#### Source records ####

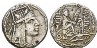
346 Artaxiad Kingdom. Tigranes II 'the Great'. Silver Tetradrachm. 95-56 BC. Reference: Condition: Very Fine Weight: 16.0 gr Diameter: 27mm 1
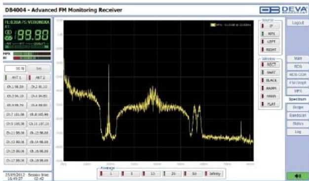
The DB4004 FFT WEB interface spectrum analyzer display

The Fast Fourier Transform (FFT) internal spectrum analyzer mode is especially impressive when viewed using the built-in web interface.
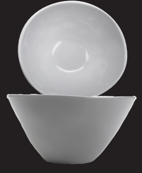
B-22-AM-W Round Bowl 22 oz. 6.25" dia. 2.75" deep 1 dz.
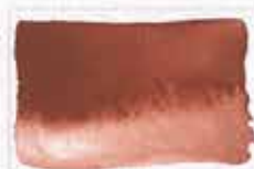
122 English Red Deep PR102 (earth pigment) 8 MS MG □
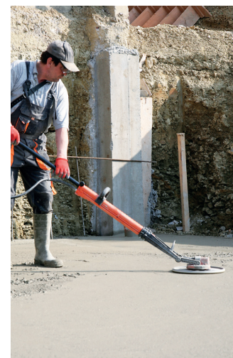
Levelling fresh concrete
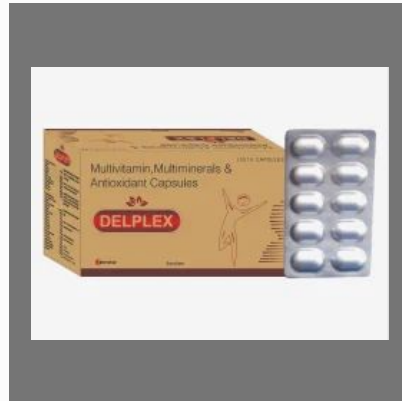
Multivitamin Multimineral Antioxidant Capsule
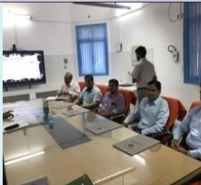
Institutional Animal Ethical Committee Meeting held on March 15 th 2022 in Veterinary Science and Animal Husbandry Unit
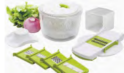
■ ART NO:DF1408-02 FOOD PROCESSOR MEAS/QTY:56.5x43.5x40.5cm/8set GW/NW:10.6/9.6kgs 20'/40':2248/4656set
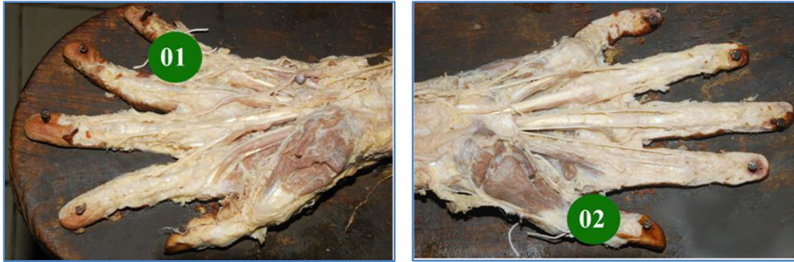
Fig. 2: Specimen No. 1 &2
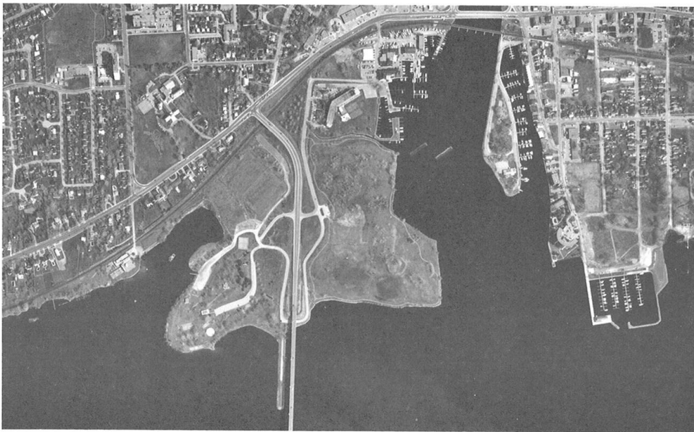
Aerial Photograph 2 (Roll No. 92032-10-132) Zwick's Island, Belleville, May 6, 1992
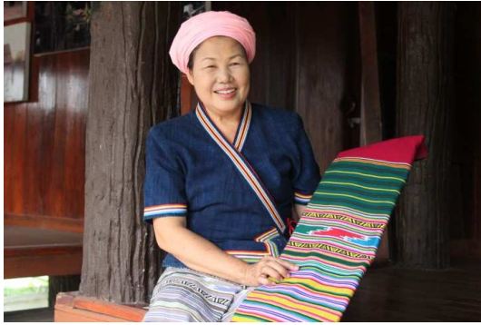
Figure 3. Tai Lue Culture.
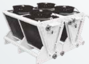
◆ Dry Coolers
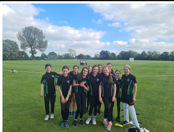
U13 Girls Cricket Team
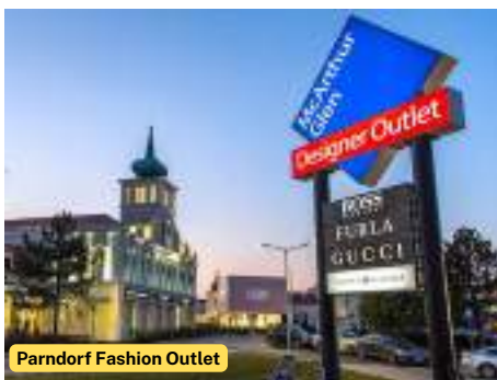
Parndorf Fashion Outlet

Shop at the famous designer outlet with hundred over designer brands offering massive discounts.
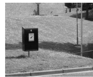
New dogbins installed
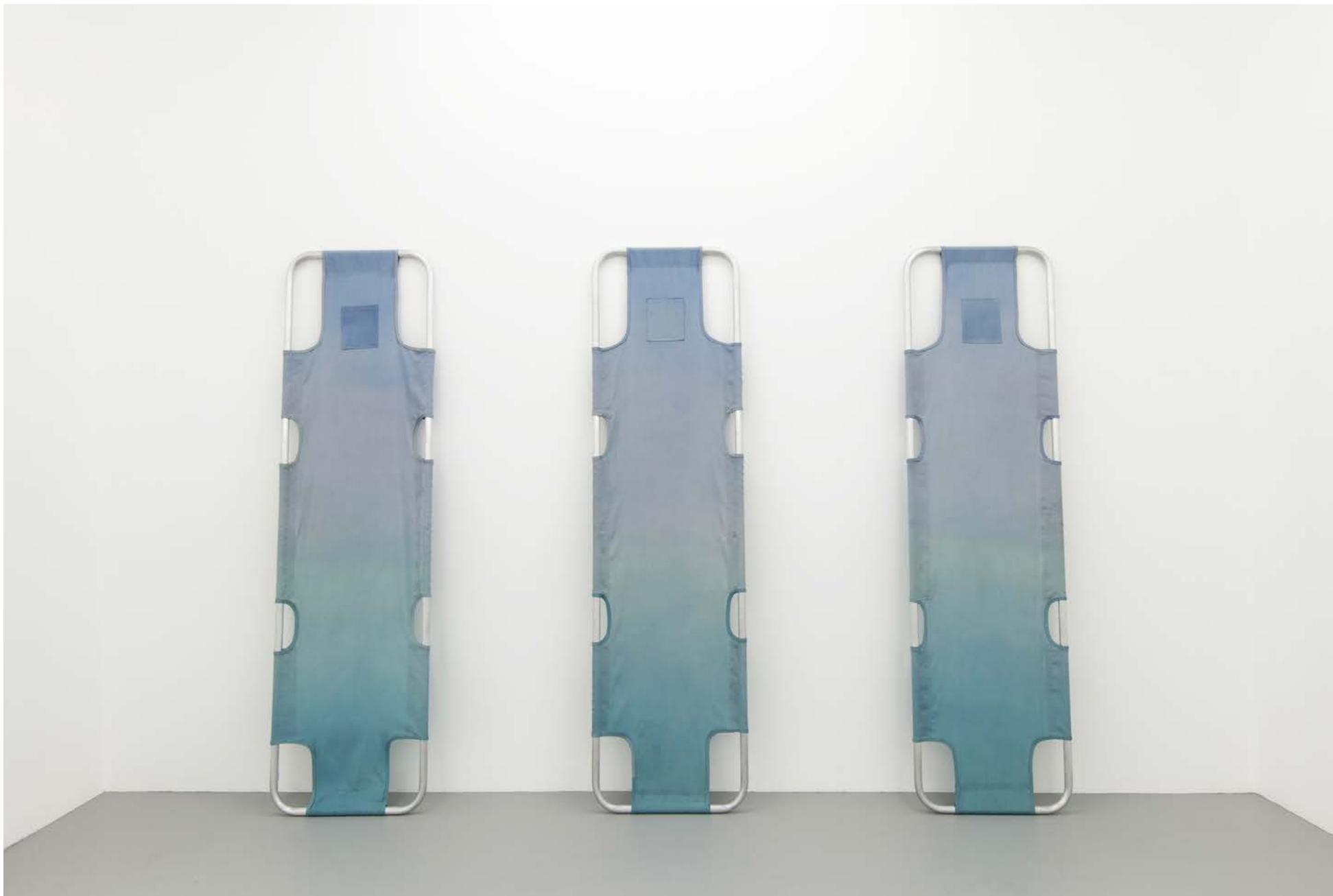
8:30, 2015, hand dyed silk and hand bent aluminum, ceramic and hair, italian sourced leather, peas, foam, steel

####

## Required action
An exact copy of the entries above, with no pictures, is the required answer.

## Output of the task
346 Artaxiad Kingdom. Tigranes II 'the Great'. Silver Tetradrachm. 95-56 BC. Reference: Condition: Very Fine Weight: 16.0 gr Diameter: 27mm 1
The DB4004 FFT WEB interface spectrum analyzer display

The Fast Fourier Transform (FFT) internal spectrum analyzer mode is especially impressive when viewed using the built-in web interface.
B-22-AM-W Round Bowl 22 oz. 6.25" dia. 2.75" deep 1 dz.
122 English Red Deep PR102 (earth pigment) 8 MS MG □
Levelling fresh concrete
Multivitamin Multimineral Antioxidant Capsule
Institutional Animal Ethical Committee Meeting held on March 15 th 2022 in Veterinary Science and Animal Husbandry Unit
■ ART NO:DF1408-02 FOOD PROCESSOR MEAS/QTY:56.5x43.5x40.5cm/8set GW/NW:10.6/9.6kgs 20'/40':2248/4656set
Fig. 2: Specimen No. 1 &2
Aerial Photograph 2 (Roll No. 92032-10-132) Zwick's Island, Belleville, May 6, 1992
Figure 3. Tai Lue Culture.
◆ Dry Coolers
U13 Girls Cricket Team
Parndorf Fashion Outlet

Shop at the famous designer outlet with hundred over designer brands offering massive discounts.
New dogbins installed
8:30, 2015, hand dyed silk and hand bent aluminum, ceramic and hair, italian sourced leather, peas, foam, steel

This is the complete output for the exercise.